**Problem details**
Among the entries below, copy only the span from the line containing "Off the living" through the line containing "The N2 adsorption–desorption". Do so exactly, and skip the pictures.

══ Dataset extract

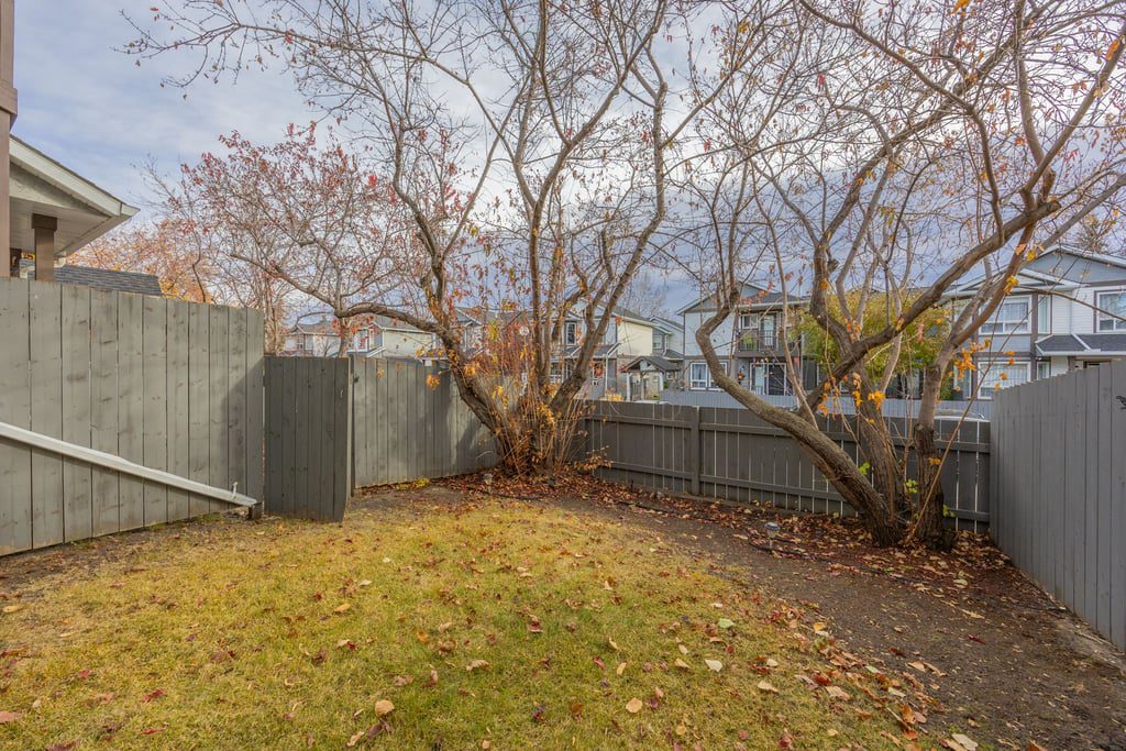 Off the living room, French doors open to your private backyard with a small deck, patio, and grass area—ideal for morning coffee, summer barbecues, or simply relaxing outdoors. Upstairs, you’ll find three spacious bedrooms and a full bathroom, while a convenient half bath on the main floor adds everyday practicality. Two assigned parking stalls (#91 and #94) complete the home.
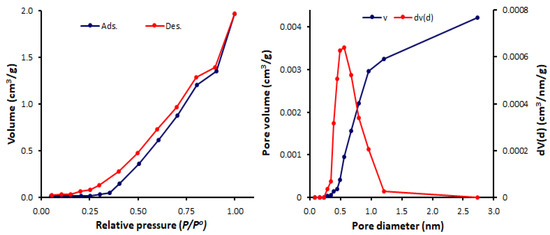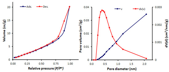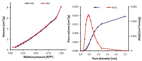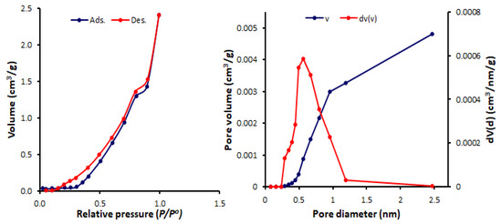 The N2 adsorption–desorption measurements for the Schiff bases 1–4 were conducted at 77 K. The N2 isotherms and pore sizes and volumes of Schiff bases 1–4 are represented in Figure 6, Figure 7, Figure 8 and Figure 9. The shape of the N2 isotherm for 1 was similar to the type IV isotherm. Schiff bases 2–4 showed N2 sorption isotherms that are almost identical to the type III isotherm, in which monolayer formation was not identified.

════
══ Dataset extract

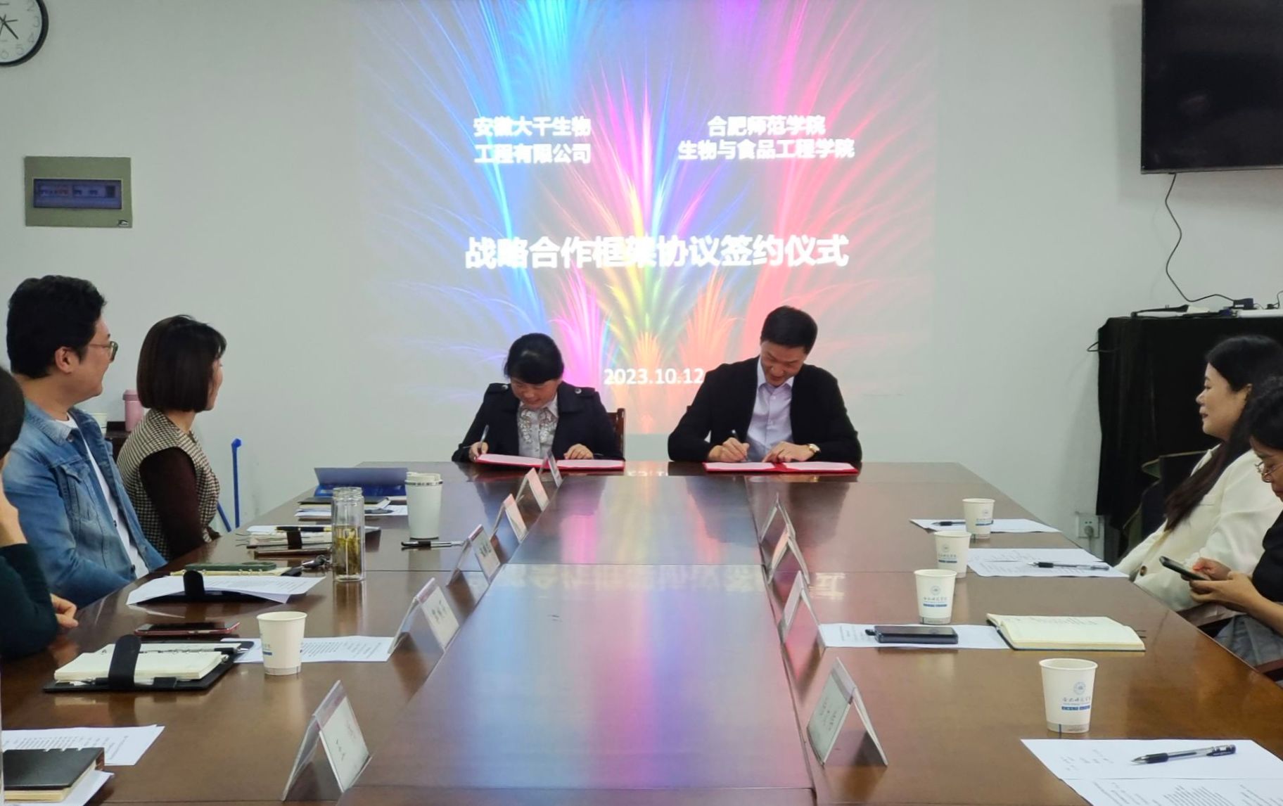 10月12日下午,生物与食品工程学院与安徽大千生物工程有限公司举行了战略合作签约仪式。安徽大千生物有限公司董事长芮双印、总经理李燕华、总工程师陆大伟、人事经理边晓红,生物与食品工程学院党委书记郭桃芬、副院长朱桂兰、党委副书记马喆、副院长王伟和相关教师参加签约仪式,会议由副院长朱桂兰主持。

════

**Task response**
 Off the living room, French doors open to your private backyard with a small deck, patio, and grass area—ideal for morning coffee, summer barbecues, or simply relaxing outdoors. Upstairs, you’ll find three spacious bedrooms and a full bathroom, while a convenient half bath on the main floor adds everyday practicality. Two assigned parking stalls (#91 and #94) complete the home.
 The N2 adsorption–desorption measurements for the Schiff bases 1–4 were conducted at 77 K. The N2 isotherms and pore sizes and volumes of Schiff bases 1–4 are represented in Figure 6, Figure 7, Figure 8 and Figure 9. The shape of the N2 isotherm for 1 was similar to the type IV isotherm. Schiff bases 2–4 showed N2 sorption isotherms that are almost identical to the type III isotherm, in which monolayer formation was not identified.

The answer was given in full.